Illustration by Alex Lukas
Illustration by Alex Lukas

In July, following a monthlong trial, a federal jury in Chicago convicted my client, Calvin Townsend, of four counts of bank and mortgage fraud. Later this year, he will probably be sentenced to federal prison.

Townsend is one of many minor players paying a heavy price for their roles in the mortgage meltdown, while the major figures avoid any responsibility.

Townsend is a 52-year-old black man from the South Side of Chicago. He had been a train conductor and a part-time real-estate agent until 2005, when he attended a seminar on how to use other people’s good credit to invest in property with no money down.

During the next two years, Townsend used such “nominee purchasers” to buy 21 homes. Eager-to-please mortgage lenders provided 100 percent financing for the loans, which were then repackaged by Wall Street investment banks and sold to investors.

About a week after each home purchase, Townsend would enter into a written contract with the nominee buyer in which he agreed to make all the mortgage payments and to pay the buyer a flat fee of about $15,000. In return, Townsend got the right to re-sell the property and realize the anticipated gains from the then-rising housing market.

Townsend was true to his word, using the large commissions he earned as the agent on these sales to make 210 mortgage payments on his properties. But in 2007, after the housing market collapsed and none of the properties would sell, his money ran out, and all of his loans went into default. He lost everything, including his own house, and moved his wife and two children into a Comfort Inn.

In 2008, the U.S. government indicted Townsend, together with 20 others on the bottom rung of the mortgage mess, for fraud. Townsend pleaded not guilty and was tried along with a loan officer he had worked with; the girlfriend of the man who ran the how-to-get-rich-in-real-estate seminars; and three nominee purchasers who had bought properties for the seminar leader.
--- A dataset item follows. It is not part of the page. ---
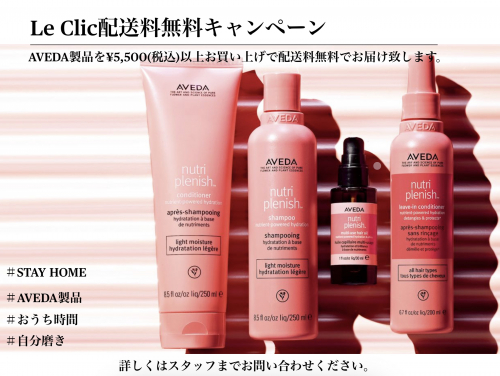 おうち時間をより楽しんでいただく為に、AVEDA製品の配送料無料キャンペーンです。

All of the defendants were indigent and qualified for court-appointed counsel. I was picked to represent Townsend and, at the conclusion of the case, I will be paid $125 an hour by the U.S. taxpayers.

Accusations of Fraud

During the trial, the prosecutors argued that Townsend had defrauded the mortgage lenders -- including Countrywide Bank, Fremont Investment & Loan and Washington Mutual Bank -- by failing to disclose his arrangements with the nominee buyers. Executives from these lenders testified about their strict underwriting policies on mortgage loans.

On cross-examination, I tried to point out that the lenders, banking on short-term profits, had encouraged people such as Townsend to bring them more and more loans, regardless of the borrowers’ ability to repay, and then sold their bad loans to Wall Street. These very lenders had been advertising “liar loans” with “no income verification required.” In a rare unscripted moment, one nominee buyer (who was a cooperating government witness), said the lending banks “just feel your pulse and see if your heart is beating and give you a loan.”

I tried to convince the judge that the jury needed to know the truth about the lenders in order to determine whether Townsend had had any intent to defraud and whether he had made any material misrepresentations. But the judge accepted the federal prosecutors’ argument that the sins of the lenders were “irrelevant,” and that if such evidence were introduced at trial, there would be a risk of “jury nullification” -- that is, the jury might be tempted to acquit the defendants because others not on trial were more culpable. No evidence or argument about the corrupt practices of the lenders was allowed.

It was not technically illegal for Townsend to make his financial arrangements with the buyers after their purchases. Nor did he have any obligation to disclose them on the federal Housing and Urban Development closing statement, which requires disclosure only of payments made at the time of closing. Nevertheless, the prosecutor asked the jury in summation about Townsend’s arrangements with the buyers, “Don’t you think the lenders would have wanted to know?”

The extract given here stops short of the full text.